Expanded polystyrene (or “Styrofoam”) is an excellent insulator. That’s why it’s a popular material for insulating buildings—and why those cheap little cups of deli coffee still burn your tongue after 30 minutes. But its environmental record leaves something to be desired. It’s nonbiodegradable, harmful to animals who accidentally eat it and made from potential carcinogens.
Researchers at the University of Maryland have developed a super-lightweight insulating material they say could prove to be a better, more eco-friendly alternative. The material, made from tiny wood fibers, is called nanowood. It blocks heat at least 10 degrees better than Styrofoam or silica aerogel, a common insulator, and it can take at least 30 times more pressure than Styrofoam or silica aerogel before being crushed.

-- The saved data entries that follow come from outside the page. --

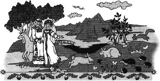Вселенную, чтобы самому повсюду хозяйничать, Явь и Правь себе забрать. Тут надо сказать вам, дорогие мальчики и девочки, что когда Чернобог зародился в своём подземном царстве, то с виду он походил на злобного старика с седыми усами. Но когда решил вылезти на белый свет и пойти завоёвывать Синюю Сваргу, то превратился в настоящего Змея, огромного-преогромного, сильного и страшного. Вот вылез этот Чёрный Змей на белый свет, посмотрел на мир и так и этак, и мир ему совсем не понравился: слишком много света и жизни. "Ну, ничего! Я тут всё устрою по-своему, — решил Чёрный Змей. — А пока поползу к Рипейским белым горам, посмотрю, что там Сварог поделывает!" А Сварог уже заподозрил неладное: дева Правда ему подсказала, не умеющая лукавить. Выковал себе Сварог огромный молот и стукнул тем молотом по бел-горюч камню Алатырю, чтоб родились ему в мире помощники — светлые силы и небесное воинство. И вот, дорогие девочки и мальчики, разлетелись от удара искры во все стороны, и из тех искр стали рождаться боги — могучие да великие. Светлый Дажьбог, податель всех благ, родился от искры, упавшей на небо. Стал он первым борцом с навьими силами, ярким солнечным богом, охранителем белого света, богом света божьего. А по веленью Рода всесильного родился Дажьбогу помощник — вышел из солнца круглого бог Хоре, жёлтый бог диска солнечного, яркое Дневное Око, круглолицый и круглоглазый. Хороший бог. От другой искры, упавшей на землю, загорелся огонь божественный, и в его очищающем пламени родился бог огня Семаргл-Сварожич на коне златогривом серебряной масти. Дымный столб от пожара стал его знаменем — выжигать он готов до тла силу чёрную. Где проедет семисильный бог, там выжженный след останется. А из третьей искры, раздутой Родом прямо в воздухе, родился Стрый-Стрибог — Семарглу в помощь. Будет он повелевать всеми ветрами да ураганами. Сможет раздуть из искры любое пламя. Если объединятся Стрый с Семарглом, кто сумеет остановить силу этакую? А ещё, дорогие мальчики и девочки, родились из тех искр небесные воины, смелые ратники, защитники жизни. Вот только и Чернобог — Чёрный Змей был не лыком шит. Когда кони ночные, чёрные сменили дневную конницу, когда Хоре унёс солнце за море, Чёрный Змей подполз к камню Алатырю и ударил по нему железным хвостом. Ох и больно стало змеище! Хвост отбил он себе, окаянный. И завыл, зашипел от обиды. Но и зла понаделал немало: от тех искорок, что посыпались с камня, родилась вся нечисть земная и подземная, и вся чёрная рать змеиная, огнедышащая и многоголовая. А ещё птица чёрный гоголь пришла от камня к Чёрному Змею. Стала она нести яйца, только оказались яйца те сплошь железные. Потому что полны они были тёмной силушкой — силой Нави. А что же Дажьбог могучий? Неужели же ничего не заметил? Нет, дорогие мальчики и девочки, не волнуйтесь и будьте спокойны! Когда Хоре за тучку прячется или вовсе уходит с неба на ночь, Дажьбог по-прежне- му охраняет мир от тёмных сил, постоянно несёт земле свет и тепло. Потому-то и заметил он нечисть народившуюся. Кликнул братца Семаргла огненного, наказал, чтоб летел тот к Сварогу в Синюю Сваргу и донёс весть о том, что великая битва близится. С силами навьими, силами тёмными. Обернулся Семаргл крылатым псом и рыжим пламенем взметнулся под облака. Прилетел в Сварогову кузницу, рассказал обо всём, что узнал Дажьбог. — 
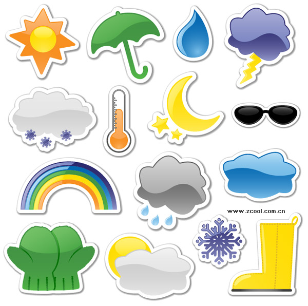 eps format, including jpg preview, keyword: Vector icon, the sun, umbrellas, water droplets, clouds, lightning, snow, thermometer, moon, stars, sunglasses, rainbow, next month, gloves, surplus, boots, water shoes, Vector material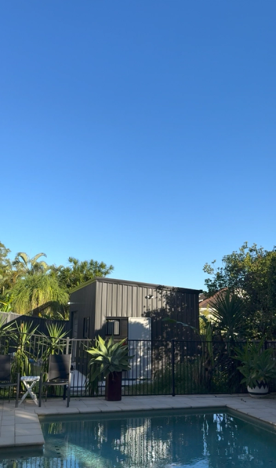 The dream backyard upgrade. Sleek, secure, and ready for work or play—with poolside vibes to match.

Working in the lab of materials scientist Liangbing Hu, postdoctoral researcher Tian Li is the lead author on the study, published in the journal Science Advances.
“To the best of our knowledge, the strength of our nanowood represents the highest value among available super insulating materials,” wrote the study authors.
Hu and his team had been working on nanocellulose, the nano-sized versions of the fibrous material that makes plants and trees rigid. Nanocellulose has an impressive strength-to-weight ratio, about eight times greater than that of steel.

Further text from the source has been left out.